◆ ACTIVITY: Reproduce verbatim the lines of the material below, starting at the line with "小学生も興味深々です。" and ending at the line with "Artiste : Alireza Pakdel", both inclusive; skip the rest.

◆ SUPPLIED INFORMATION:
****************

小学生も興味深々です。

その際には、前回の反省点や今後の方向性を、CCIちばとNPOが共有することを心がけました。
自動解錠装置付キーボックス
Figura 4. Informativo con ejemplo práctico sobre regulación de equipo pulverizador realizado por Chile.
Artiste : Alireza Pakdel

****************

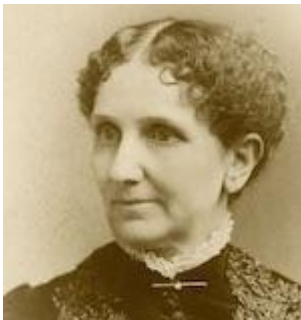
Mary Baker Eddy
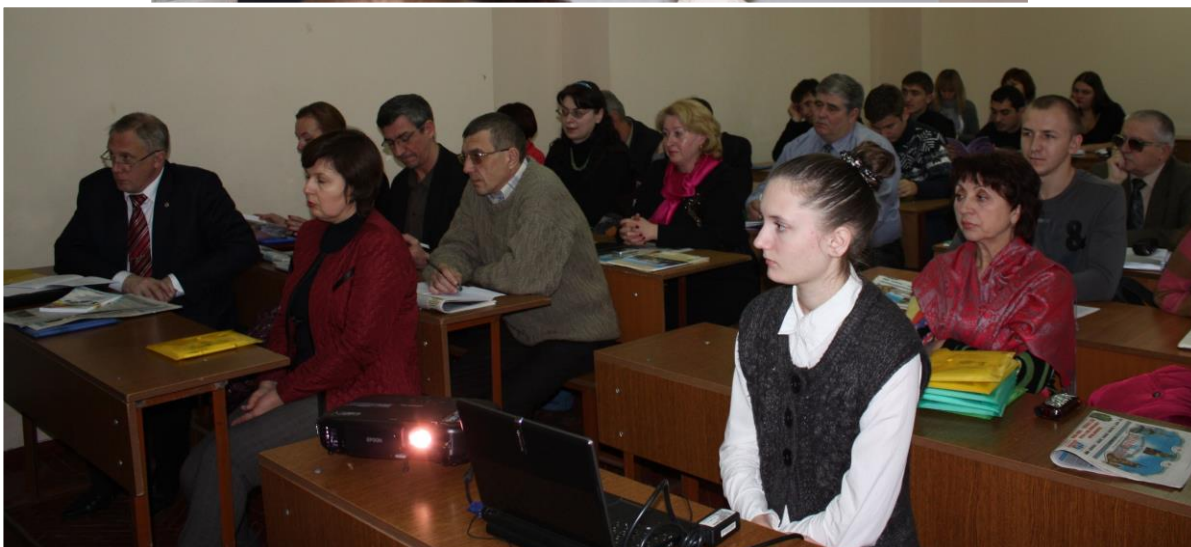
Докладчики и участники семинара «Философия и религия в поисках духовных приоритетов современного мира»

****************

◆ OUTPUT BELOW:
小学生も興味深々です。

その際には、前回の反省点や今後の方向性を、CCIちばとNPOが共有することを心がけました。
自動解錠装置付キーボックス
Figura 4. Informativo con ejemplo práctico sobre regulación de equipo pulverizador realizado por Chile.
Artiste : Alireza Pakdel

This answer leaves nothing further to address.